"""

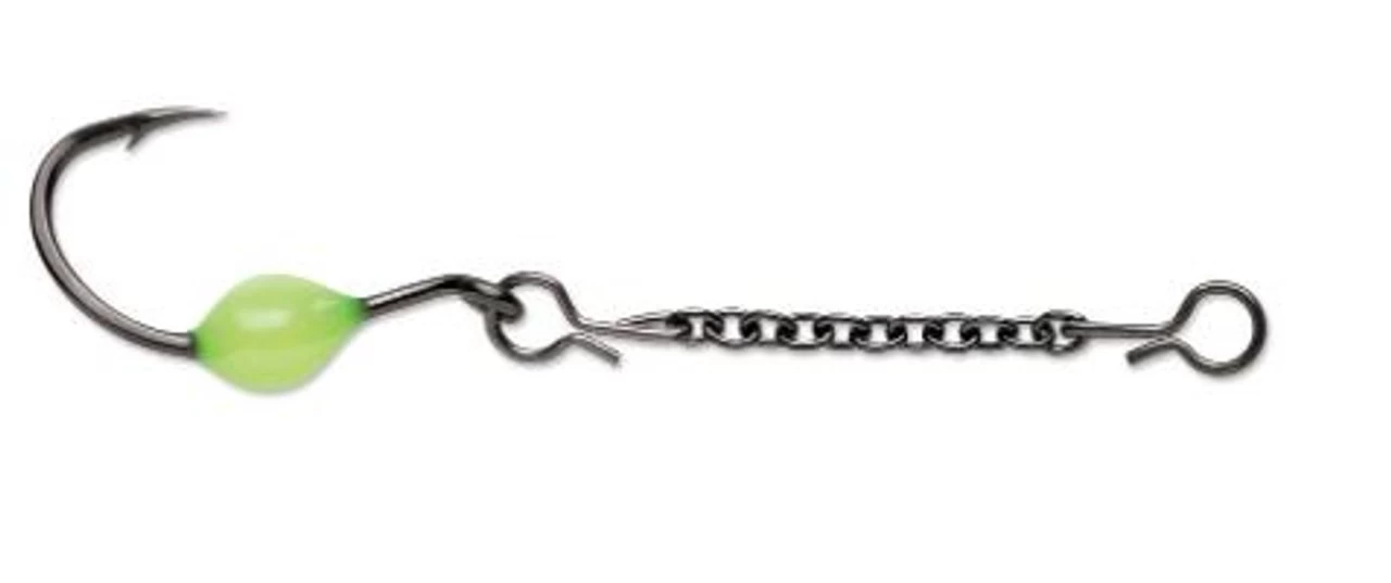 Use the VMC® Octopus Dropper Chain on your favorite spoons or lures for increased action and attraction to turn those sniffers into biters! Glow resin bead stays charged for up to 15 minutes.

"""
"""

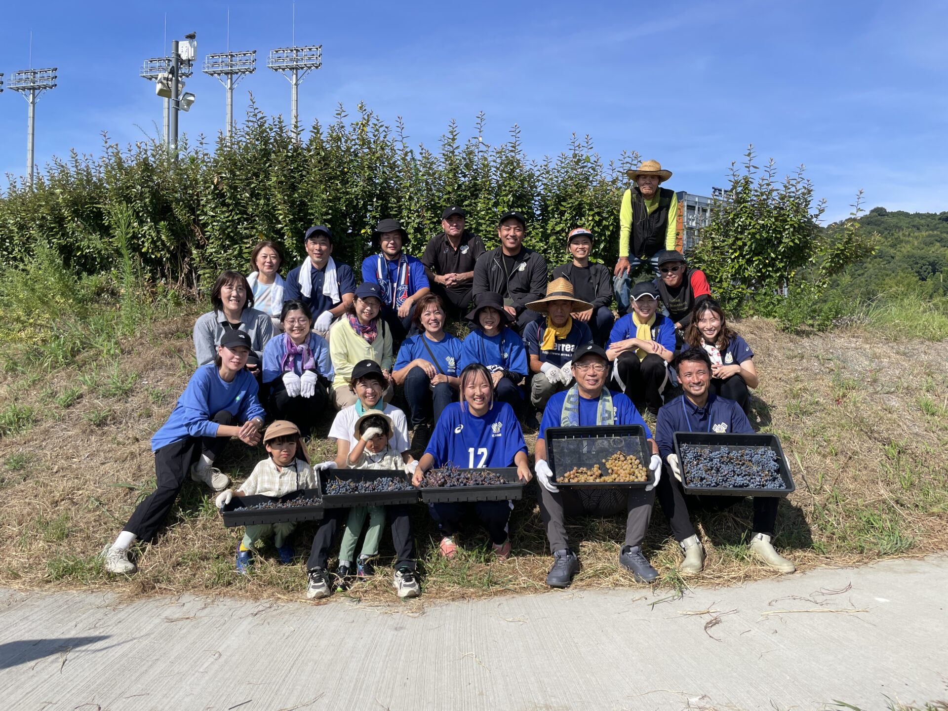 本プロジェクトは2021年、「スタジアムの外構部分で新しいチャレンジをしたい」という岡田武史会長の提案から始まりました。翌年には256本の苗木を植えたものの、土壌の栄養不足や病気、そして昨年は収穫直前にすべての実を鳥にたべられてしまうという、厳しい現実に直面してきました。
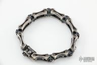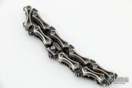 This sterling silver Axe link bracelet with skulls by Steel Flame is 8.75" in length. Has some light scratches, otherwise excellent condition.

"""
"""

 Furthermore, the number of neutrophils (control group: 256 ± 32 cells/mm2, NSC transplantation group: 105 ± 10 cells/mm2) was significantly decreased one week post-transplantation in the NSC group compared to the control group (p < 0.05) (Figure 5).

"""

(What is required) Please transcribe exactly the part of the records that opens with the line containing "本プロジェクトは2021年、" and closes with the line containing "This sterling silver", both ends included, and leave out the pictures.

(Your response)
 本プロジェクトは2021年、「スタジアムの外構部分で新しいチャレンジをしたい」という岡田武史会長の提案から始まりました。翌年には256本の苗木を植えたものの、土壌の栄養不足や病気、そして昨年は収穫直前にすべての実を鳥にたべられてしまうという、厳しい現実に直面してきました。
 This sterling silver Axe link bracelet with skulls by Steel Flame is 8.75" in length. Has some light scratches, otherwise excellent condition.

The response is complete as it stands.